*** EXERCISE INPUT

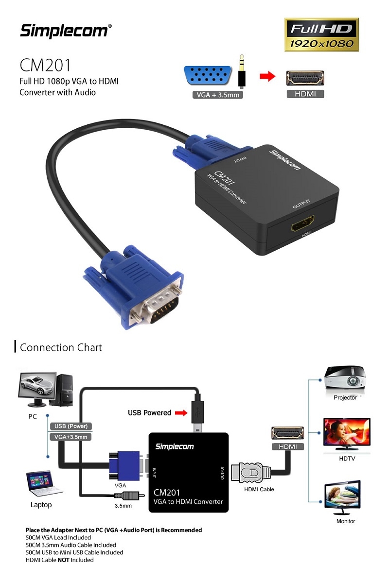 The Simplecom CM201 Full HD 1080p VGA to HDMI Converter with Audio features a VGA to HDMI adapter offers you a convenient way to connect PCs, Laptops with VGA to displays such as Projectors, Monitors, and HDTVs with HDMI, The converter will take audio from the 3.5mm audio input and is powered by USB, plug into either a USB wall adapter or a nearby USB port on PC or TV. Support HDMI digital output with resolutions up to 1080p Simple installation, plug & play Compatible with HDMI version 1.3
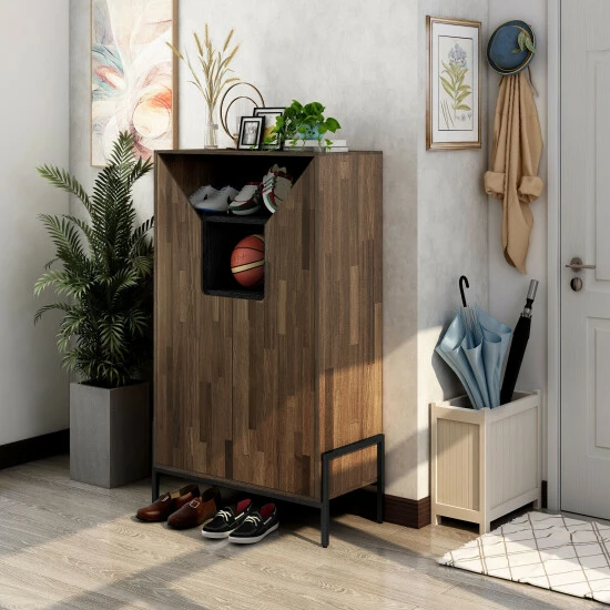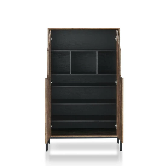 Complement your color scheme with this 53 inch high shoe cabinet by Carbon Loft. The fitted cut-out cabinet doors lend style and conceal three storage cubbies and four shelves for your toys and footwear. Wood construction is supported by a 4 metal leg base. Bright exterior and dark interior provides contrast with a quick access cut-out. Made from MDF and veneer, this sturdy unit offers value for storage and saves space in the garage or front door.
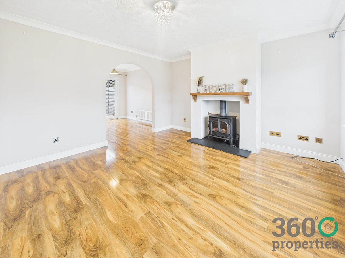 Multi-fuel stove with dual link up, tile hearth and oak mantel. Laminate floor.
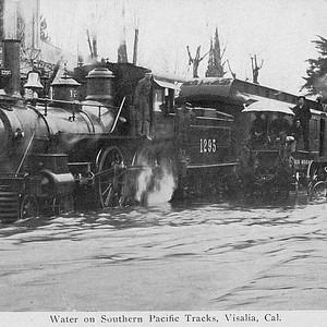 This Southern Pacific Railroad train doesn't let a little watter stop it as it visits Visalia, CA, during a flood season ca 1900.
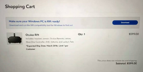 期待已久的Oculus Rift消费者版终于等到了!北京时间1月7日零点,Oculus官方网站上,Oculus Rift终于开放预售,价格为599美元(折合人民币3900多元)。除了VR眼镜之外,一起配套预售的还有微软Xbox手柄、耳机以及追踪系统。除了需要支付599美元设备价格外,还需要支付30美元运费,设备将在3月份配送。
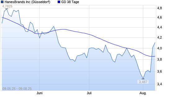 Mit dem Anstieg auf 3,95 EUR hat die Hanesbrands-Aktie am 08.08.2025 die 38-Tage-Linie nach oben gekreuzt.
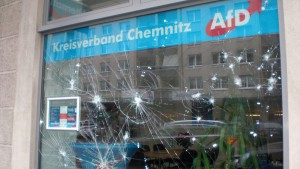 „Iniziò in modo inoffensivo“, dice il 51enne. Dapprima ci furono degli sputi alle finesrte. Poi autocollanti con segni del movimento antifa di sinistra alla facciata dell’ufficio della AfD conservatrice di destra, seguiti da autocollanti con le parole „Refugees welcome, nazi fuori“, dice Hütter. Una settimana fa, i vetri furono imbrattati con dello smalto, come conferma la polizia. Con delle scritte spray tipo „Chemnitz è multicolore“. Alfine, nella notte a giovedì volarono le pietre. Sarebbero stati 25 piccoli sampietrini di granito. I vetri delle finestre subirono dei danni ma senza essere sfondanti. Hütter stima il danno sui 3000 euro e teme che l’assicurazione disdics il contratto. In tutta la Sassonia, la AfD è il partito le cui sedi subiscono il maggior numero d’attachi. Dove andrebbero a pezzi i vetri sarebbe stato versato dell’acido butirrico. „Temo che sarebbe sucesso anche nell’ufficio di Chemnitz se le finestre si sarebbero rotte“, dice Hütter. Ecco perchè alle porte e alle finestre si metterà ora del vetro più resistente e rafforzato con una pellicola di plastica.
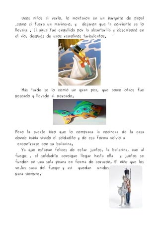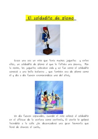 El soldadito de plomo se enamora de una bella bailarina de plomo mientras los juguetes cobraban vida por la noche. Un día son separados cuando el viento tira al soldadito por la ventana a la calle durante una tormenta. Es arrastrado por el agua de la alcantarilla y el río, y termina siendo comido por un pez que es pescado y vendido en el mercado. Por suerte, la cocinera que compra el pez es de la casa donde vivió originalmente el soldadito, por lo que se reencuent
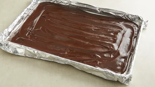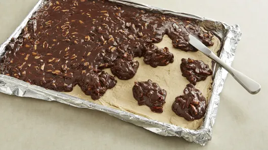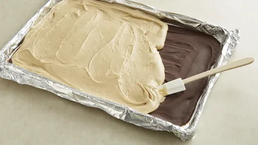 Step1Line 15x10x1-inch baking pan with foil. Butter or spray foil with cooking spray. In large saucepan, melt chocolate chips and 1 cup of the butter over low heat, stirring frequently. Remove saucepan from heat. Stir in peanut butter until well blended. Spread half of mixture in pan. Freeze 10 minutes or until set. Place pan in refrigerator.
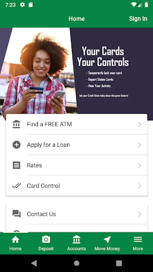 Our mobile app provides members convenient access to Columbia Credit Union's mobile website, mobile check deposit, mobile banking, branch & contact information, and help.
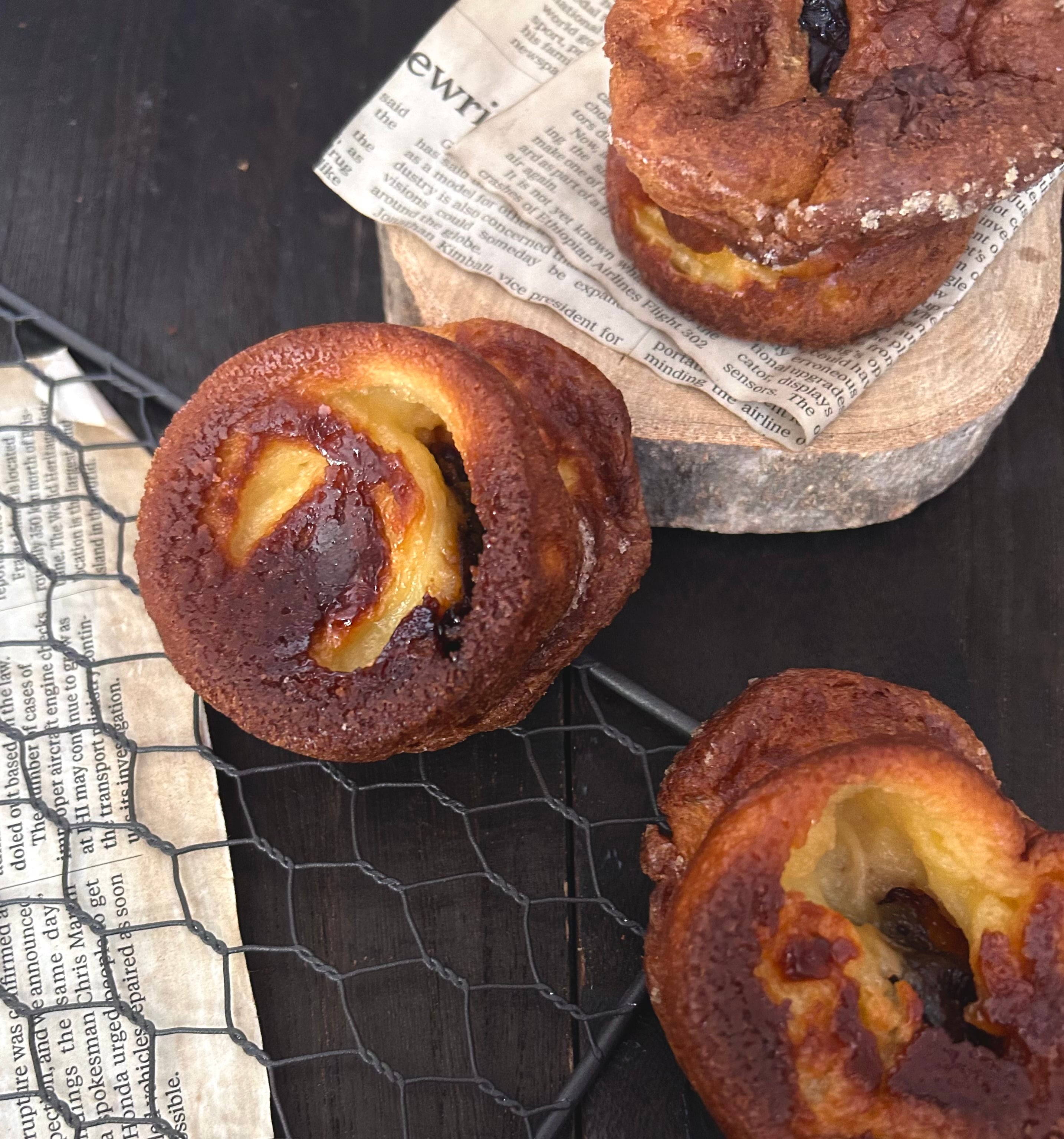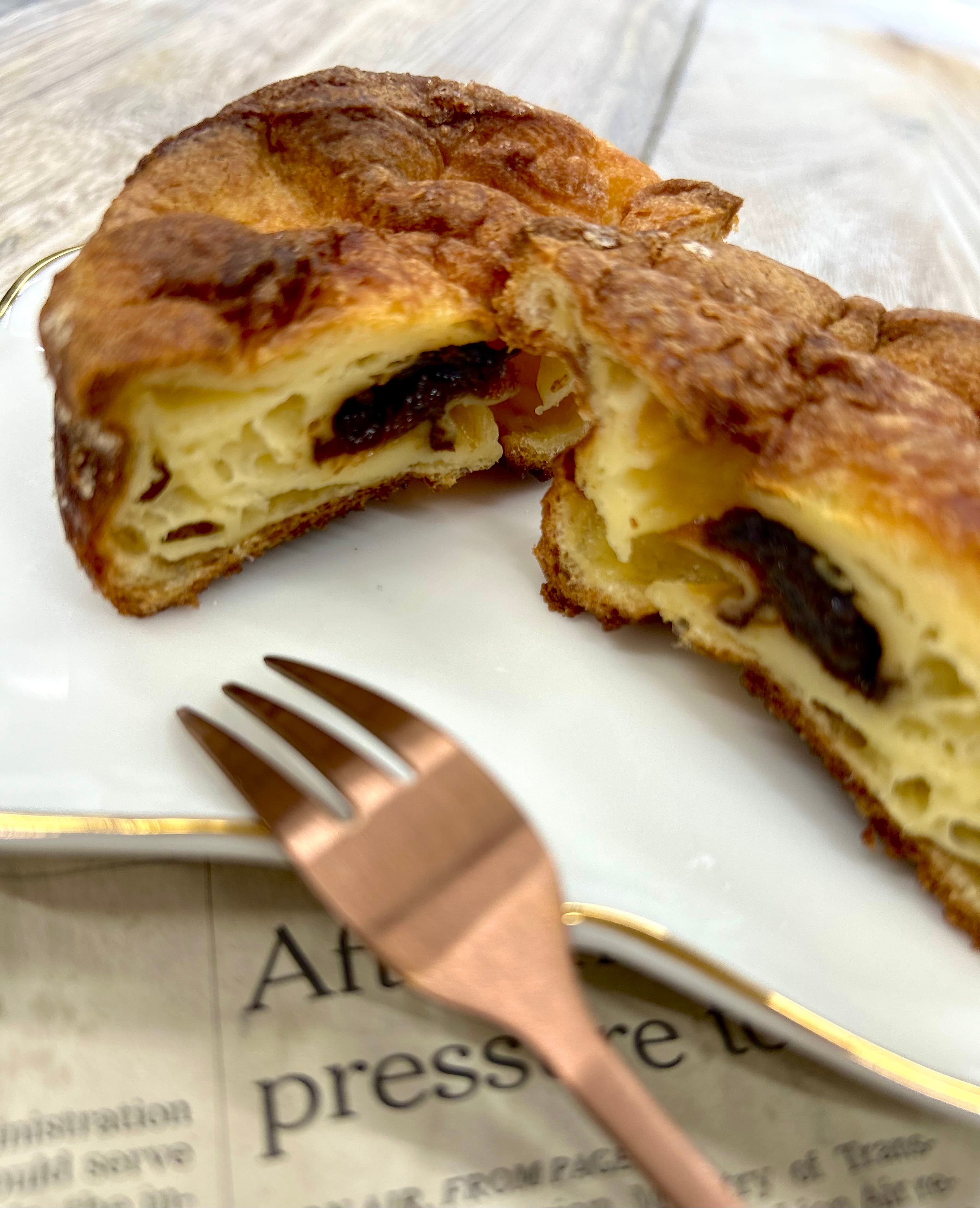 アクセントにラム酒で漬けたプルーンを焼き込んであります。
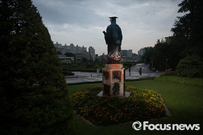 (서울=포커스뉴스) 2일 저녁 서울 서대문구 이화여대 교내에 락카 페인트와 계란 투척으로 얼룩져 있는 김활란 초대 총장 동상의 뒷모습이 보이고 있다. 이화여자대학교는 미래라이프 대학(평생교육 단과대학 지원사업)' 설립을 두고 학내 분규가 이어지고 있으며 단과대학 지원사업을 반대하는 학생들이 지난 28일부터 6일째 이대 본관을 점거해 농성하고 있다.
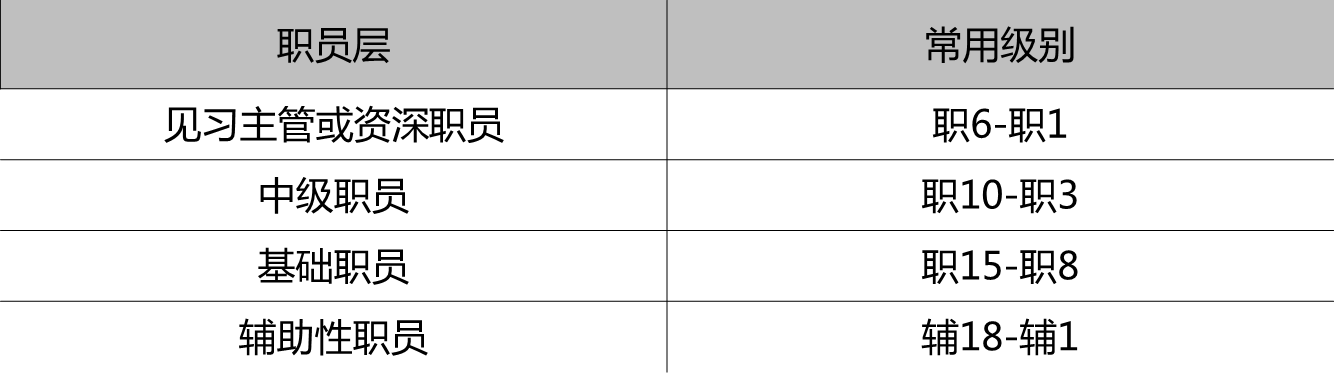 就目前公司现状,职员层和管理层各按职位高低划分三个区间,如下所列。

******

[TASK REQUIREMENTS]: Retype the data in full. Images do not go in the copy.

[RESULT OF THE EXERCISE]:
 The Simplecom CM201 Full HD 1080p VGA to HDMI Converter with Audio features a VGA to HDMI adapter offers you a convenient way to connect PCs, Laptops with VGA to displays such as Projectors, Monitors, and HDTVs with HDMI, The converter will take audio from the 3.5mm audio input and is powered by USB, plug into either a USB wall adapter or a nearby USB port on PC or TV. Support HDMI digital output with resolutions up to 1080p Simple installation, plug & play Compatible with HDMI version 1.3
 Complement your color scheme with this 53 inch high shoe cabinet by Carbon Loft. The fitted cut-out cabinet doors lend style and conceal three storage cubbies and four shelves for your toys and footwear. Wood construction is supported by a 4 metal leg base. Bright exterior and dark interior provides contrast with a quick access cut-out. Made from MDF and veneer, this sturdy unit offers value for storage and saves space in the garage or front door.
 Multi-fuel stove with dual link up, tile hearth and oak mantel. Laminate floor.
 This Southern Pacific Railroad train doesn't let a little watter stop it as it visits Visalia, CA, during a flood season ca 1900.
 期待已久的Oculus Rift消费者版终于等到了!北京时间1月7日零点,Oculus官方网站上,Oculus Rift终于开放预售,价格为599美元(折合人民币3900多元)。除了VR眼镜之外,一起配套预售的还有微软Xbox手柄、耳机以及追踪系统。除了需要支付599美元设备价格外,还需要支付30美元运费,设备将在3月份配送。
 Mit dem Anstieg auf 3,95 EUR hat die Hanesbrands-Aktie am 08.08.2025 die 38-Tage-Linie nach oben gekreuzt.
 „Iniziò in modo inoffensivo“, dice il 51enne. Dapprima ci furono degli sputi alle finesrte. Poi autocollanti con segni del movimento antifa di sinistra alla facciata dell’ufficio della AfD conservatrice di destra, seguiti da autocollanti con le parole „Refugees welcome, nazi fuori“, dice Hütter. Una settimana fa, i vetri furono imbrattati con dello smalto, come conferma la polizia. Con delle scritte spray tipo „Chemnitz è multicolore“. Alfine, nella notte a giovedì volarono le pietre. Sarebbero stati 25 piccoli sampietrini di granito. I vetri delle finestre subirono dei danni ma senza essere sfondanti. Hütter stima il danno sui 3000 euro e teme che l’assicurazione disdics il contratto. In tutta la Sassonia, la AfD è il partito le cui sedi subiscono il maggior numero d’attachi. Dove andrebbero a pezzi i vetri sarebbe stato versato dell’acido butirrico. „Temo che sarebbe sucesso anche nell’ufficio di Chemnitz se le finestre si sarebbero rotte“, dice Hütter. Ecco perchè alle porte e alle finestre si metterà ora del vetro più resistente e rafforzato con una pellicola di plastica.
 El soldadito de plomo se enamora de una bella bailarina de plomo mientras los juguetes cobraban vida por la noche. Un día son separados cuando el viento tira al soldadito por la ventana a la calle durante una tormenta. Es arrastrado por el agua de la alcantarilla y el río, y termina siendo comido por un pez que es pescado y vendido en el mercado. Por suerte, la cocinera que compra el pez es de la casa donde vivió originalmente el soldadito, por lo que se reencuent
 Step1Line 15x10x1-inch baking pan with foil. Butter or spray foil with cooking spray. In large saucepan, melt chocolate chips and 1 cup of the butter over low heat, stirring frequently. Remove saucepan from heat. Stir in peanut butter until well blended. Spread half of mixture in pan. Freeze 10 minutes or until set. Place pan in refrigerator.
 Our mobile app provides members convenient access to Columbia Credit Union's mobile website, mobile check deposit, mobile banking, branch & contact information, and help.
 アクセントにラム酒で漬けたプルーンを焼き込んであります。
 (서울=포커스뉴스) 2일 저녁 서울 서대문구 이화여대 교내에 락카 페인트와 계란 투척으로 얼룩져 있는 김활란 초대 총장 동상의 뒷모습이 보이고 있다. 이화여자대학교는 미래라이프 대학(평생교육 단과대학 지원사업)' 설립을 두고 학내 분규가 이어지고 있으며 단과대학 지원사업을 반대하는 학생들이 지난 28일부터 6일째 이대 본관을 점거해 농성하고 있다.
 就目前公司现状,职员层和管理层各按职位高低划分三个区间,如下所列。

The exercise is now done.